**WORK INSTRUCTION**
Copy nothing but the lines below running from the line containing "連結子会社(株式会社ビオラ)の吸収合併による組織統合のお知らせ" through the line containing "This T-shirt shows", both end lines included.

**DATA EXTRACT**
= Beginning of Section =

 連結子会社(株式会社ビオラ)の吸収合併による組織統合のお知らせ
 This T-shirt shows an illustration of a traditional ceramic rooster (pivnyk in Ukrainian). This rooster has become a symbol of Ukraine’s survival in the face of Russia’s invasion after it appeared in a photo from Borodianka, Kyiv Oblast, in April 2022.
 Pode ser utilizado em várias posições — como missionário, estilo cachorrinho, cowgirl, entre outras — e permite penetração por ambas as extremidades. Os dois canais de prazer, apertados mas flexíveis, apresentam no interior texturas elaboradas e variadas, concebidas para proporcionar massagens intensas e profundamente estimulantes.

= End of Section =
= Beginning of Section =

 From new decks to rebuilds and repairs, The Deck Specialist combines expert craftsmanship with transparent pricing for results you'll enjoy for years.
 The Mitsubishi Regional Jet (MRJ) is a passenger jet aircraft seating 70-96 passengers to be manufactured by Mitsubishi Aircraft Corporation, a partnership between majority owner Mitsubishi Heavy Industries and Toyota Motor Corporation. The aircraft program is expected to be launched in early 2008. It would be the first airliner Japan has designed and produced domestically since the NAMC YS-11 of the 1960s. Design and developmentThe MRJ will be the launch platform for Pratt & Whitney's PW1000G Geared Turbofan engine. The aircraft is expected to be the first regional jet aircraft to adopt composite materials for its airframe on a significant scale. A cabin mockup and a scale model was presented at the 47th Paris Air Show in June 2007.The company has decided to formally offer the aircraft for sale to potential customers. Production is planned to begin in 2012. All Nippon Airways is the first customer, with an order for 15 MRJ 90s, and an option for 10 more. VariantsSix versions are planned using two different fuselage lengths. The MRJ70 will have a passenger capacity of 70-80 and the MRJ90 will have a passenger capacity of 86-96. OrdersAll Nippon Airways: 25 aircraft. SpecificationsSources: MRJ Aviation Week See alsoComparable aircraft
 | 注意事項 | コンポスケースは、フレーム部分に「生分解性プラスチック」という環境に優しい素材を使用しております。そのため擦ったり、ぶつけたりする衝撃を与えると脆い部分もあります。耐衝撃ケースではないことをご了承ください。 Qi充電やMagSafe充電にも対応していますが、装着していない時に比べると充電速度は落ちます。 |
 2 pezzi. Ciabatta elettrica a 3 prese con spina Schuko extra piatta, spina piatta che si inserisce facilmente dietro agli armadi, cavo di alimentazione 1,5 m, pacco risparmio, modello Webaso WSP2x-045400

= End of Section =

**WRITTEN RESPONSE**
 連結子会社(株式会社ビオラ)の吸収合併による組織統合のお知らせ
 This T-shirt shows an illustration of a traditional ceramic rooster (pivnyk in Ukrainian). This rooster has become a symbol of Ukraine’s survival in the face of Russia’s invasion after it appeared in a photo from Borodianka, Kyiv Oblast, in April 2022.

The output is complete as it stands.